▶ [What the exercise asks]
Write out all the entries word for word and omit any pictures.

▶ [Source data]
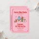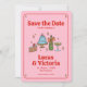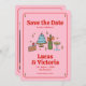 Med Whimsical Hand plockade Bold Red & Rosa Save the Date Call kombineras lekfulla, handritade illustrationer med fet återtypografi på mjuk rosa. Baksidan har plats för ett personligt foto, skapar det som en roligt och snyggt för att meddela din speciella dag! Om du vill ändra texten väljer du "Information". Om du vill justera textens placering, teckensnitt eller färg klickar du på "Redigera med Design Verktyg".
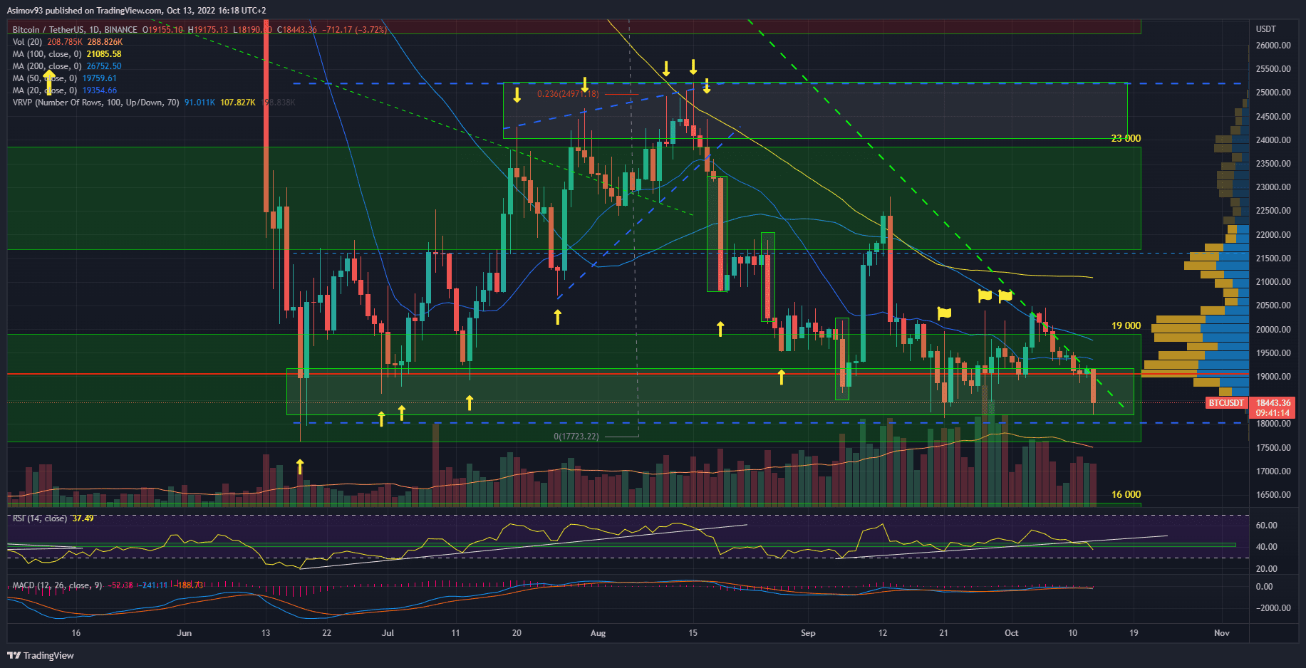 V každém případě medvědí trh v těchto chvílích pokračuje. Tím průlomem skrze říjnové low to máme dle Dow teorie i potvrzené. Pouze mne překvapuje, že Bitcoin se stále drží. Čekal jsem, že při překonání klíčových supportů na akciových indexech, Bitcoin prorazí svůj support kolem 19 000 USD. Zatím se nestalo.
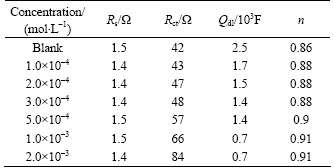 To obtain a satisfactory impedance simulation of steel, it is necessary to replace the capacitor (C) with a constant phase element (CPE) Q in the equivalent circuit. The most widely accepted explanation for the presence of CPE behavior and depressed semicircles on solid electrodes is microscopic roughness, causing an inhomogeneous distribution in the solution resistance as well as in the double-layer capacitance [28]. Constant phase element Cdl, Rs and Rct can be corresponded to double layer capacitance, solution resistance, and charge trasfer resistance, respectively. To corroborate the equivalent circuit, the experimental data are fitted to equivalent circuit and the circuit elements are obtained. Table 2 illustrates the equivalent circuit parameters for the impedance spectra of corrosion of steel in 1 mol/L HCl solution. The results demonstrate that the presence of 1×10–4– 2×10–3 mol/L inhibitor enhances the value of Rct obtained in the pure medium while that of Qdl is reduced. The decrease in Qdl is caused by adsorption of inhibitor, indicating that the exposed area decreases. On the other hand, a decrease in Qdl, which can result from a decrease in local dielectric constant and/or an increase in the thickness of the electrical double layer, suggests that Schiff base inhibitor acts by adsorption at the metal/solution interface.
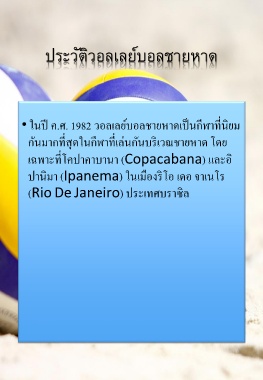ประวัติวอลเลย์บอลชายหาด •ในปี ค.ศ. 1982 วอลเลย์บอลชำยหำดเป็นกีฬำที่นิยม กันมำกที่สุดในกีฬำที่เล่นกันบริเวณชำยหำด โดย เฉพำะที่โคปำคำบำนำ (Copacabana) และอิ ปำนิมำ (Ipanema) ในเมืองริโอ เดอ จำเนโร (Rio De Janeiro) ประเทศบรำซิล
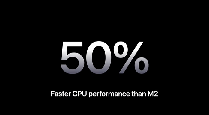 与前代 iPad Pro 搭载的 M2 相比,M4 的 CPU 性能提升了 50%。
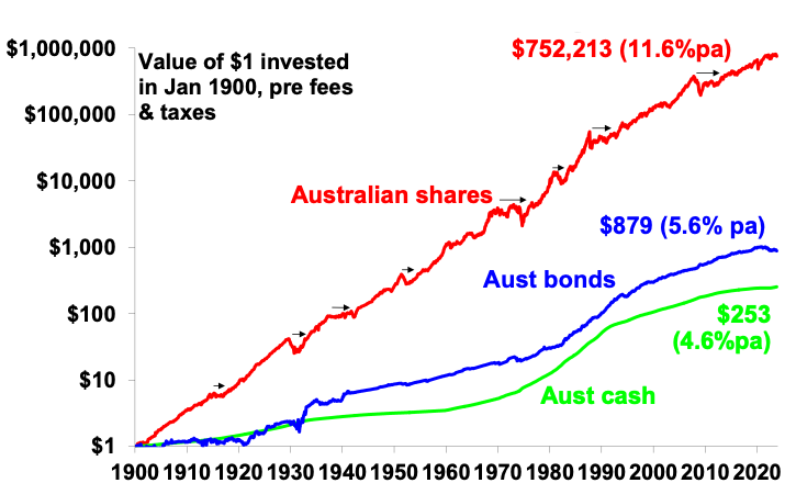 Making the most of compound interest – which refers to the way returns compound on past returns for an investor over long periods – is the most important thing an investor needs to do if they want to build wealth. It works best for growth assets. The next chart shows the value of one dollar invested in 1900 in Australian cash, bonds and equities with interest and dividends reinvested along the way, before fees and taxes. That one dollar would be worth $253 today if it had been invested in cash. But if it had been invested in bonds it would be worth $879 and if it was allocated to shares it would be worth $752,213. Although the average return on shares (11.6% pa) is just double that on bonds (5.9% pa), the magic of compounding higher returns leads to a substantially higher balance. The same applies to other growth assets like property. So, the best way to build wealth is to take advantage of the power of compound interest and have a decent exposure to growth assets. Of course, there is no free lunch and the price for higher returns is higher volatility but the impact of compounding returns from growth assets is huge over long periods.
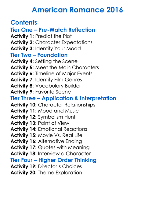 American Romance 2016 Worksheet Activity Booklet
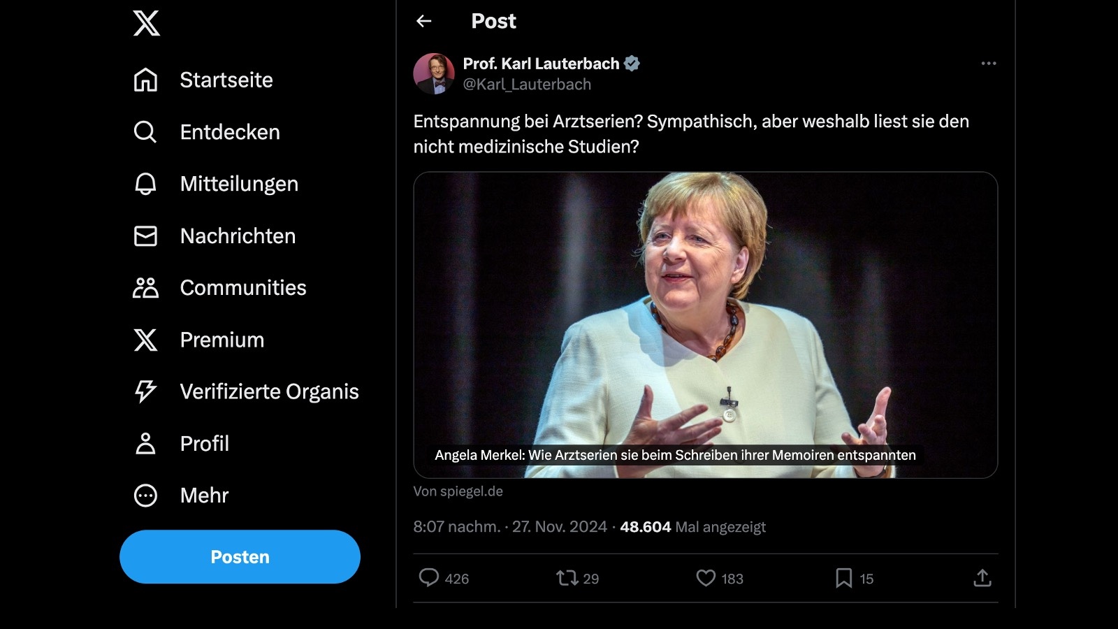 Beim Schreiben ihrer Memoiren hat Angela Merkel wohl gern ferngesehen. „Das hat mich dann einfach mal abgelenkt“, erklärte die Ex-Kanzlerin im Interview mit dem Spiegel. Vorzugsweise soll sie Arztserien geschaut haben, wie der Spiegel titelte. Ein kleines privates Detail über die Ex-Kanzlerin, das nun wirklich rein gar nichts mit ihrer politischen Arbeit zu tun hat. Doch der amtierende Bundesgesundheitsminister Karl Lauterbach (SPD) hielt es – wohl weil in Arztserien schließlich auch die Berufsbezeichnung „Arzt“ steckt – für notwendig, den kurzen Artikel auf der Social-Media-Plattform X zu kommentieren.

▶ [Exercise answer]
 Med Whimsical Hand plockade Bold Red & Rosa Save the Date Call kombineras lekfulla, handritade illustrationer med fet återtypografi på mjuk rosa. Baksidan har plats för ett personligt foto, skapar det som en roligt och snyggt för att meddela din speciella dag! Om du vill ändra texten väljer du "Information". Om du vill justera textens placering, teckensnitt eller färg klickar du på "Redigera med Design Verktyg".
 V každém případě medvědí trh v těchto chvílích pokračuje. Tím průlomem skrze říjnové low to máme dle Dow teorie i potvrzené. Pouze mne překvapuje, že Bitcoin se stále drží. Čekal jsem, že při překonání klíčových supportů na akciových indexech, Bitcoin prorazí svůj support kolem 19 000 USD. Zatím se nestalo.
 To obtain a satisfactory impedance simulation of steel, it is necessary to replace the capacitor (C) with a constant phase element (CPE) Q in the equivalent circuit. The most widely accepted explanation for the presence of CPE behavior and depressed semicircles on solid electrodes is microscopic roughness, causing an inhomogeneous distribution in the solution resistance as well as in the double-layer capacitance [28]. Constant phase element Cdl, Rs and Rct can be corresponded to double layer capacitance, solution resistance, and charge trasfer resistance, respectively. To corroborate the equivalent circuit, the experimental data are fitted to equivalent circuit and the circuit elements are obtained. Table 2 illustrates the equivalent circuit parameters for the impedance spectra of corrosion of steel in 1 mol/L HCl solution. The results demonstrate that the presence of 1×10–4– 2×10–3 mol/L inhibitor enhances the value of Rct obtained in the pure medium while that of Qdl is reduced. The decrease in Qdl is caused by adsorption of inhibitor, indicating that the exposed area decreases. On the other hand, a decrease in Qdl, which can result from a decrease in local dielectric constant and/or an increase in the thickness of the electrical double layer, suggests that Schiff base inhibitor acts by adsorption at the metal/solution interface.
ประวัติวอลเลย์บอลชายหาด •ในปี ค.ศ. 1982 วอลเลย์บอลชำยหำดเป็นกีฬำที่นิยม กันมำกที่สุดในกีฬำที่เล่นกันบริเวณชำยหำด โดย เฉพำะที่โคปำคำบำนำ (Copacabana) และอิ ปำนิมำ (Ipanema) ในเมืองริโอ เดอ จำเนโร (Rio De Janeiro) ประเทศบรำซิล
 与前代 iPad Pro 搭载的 M2 相比,M4 的 CPU 性能提升了 50%。
 Making the most of compound interest – which refers to the way returns compound on past returns for an investor over long periods – is the most important thing an investor needs to do if they want to build wealth. It works best for growth assets. The next chart shows the value of one dollar invested in 1900 in Australian cash, bonds and equities with interest and dividends reinvested along the way, before fees and taxes. That one dollar would be worth $253 today if it had been invested in cash. But if it had been invested in bonds it would be worth $879 and if it was allocated to shares it would be worth $752,213. Although the average return on shares (11.6% pa) is just double that on bonds (5.9% pa), the magic of compounding higher returns leads to a substantially higher balance. The same applies to other growth assets like property. So, the best way to build wealth is to take advantage of the power of compound interest and have a decent exposure to growth assets. Of course, there is no free lunch and the price for higher returns is higher volatility but the impact of compounding returns from growth assets is huge over long periods.
 American Romance 2016 Worksheet Activity Booklet
 Beim Schreiben ihrer Memoiren hat Angela Merkel wohl gern ferngesehen. „Das hat mich dann einfach mal abgelenkt“, erklärte die Ex-Kanzlerin im Interview mit dem Spiegel. Vorzugsweise soll sie Arztserien geschaut haben, wie der Spiegel titelte. Ein kleines privates Detail über die Ex-Kanzlerin, das nun wirklich rein gar nichts mit ihrer politischen Arbeit zu tun hat. Doch der amtierende Bundesgesundheitsminister Karl Lauterbach (SPD) hielt es – wohl weil in Arztserien schließlich auch die Berufsbezeichnung „Arzt“ steckt – für notwendig, den kurzen Artikel auf der Social-Media-Plattform X zu kommentieren.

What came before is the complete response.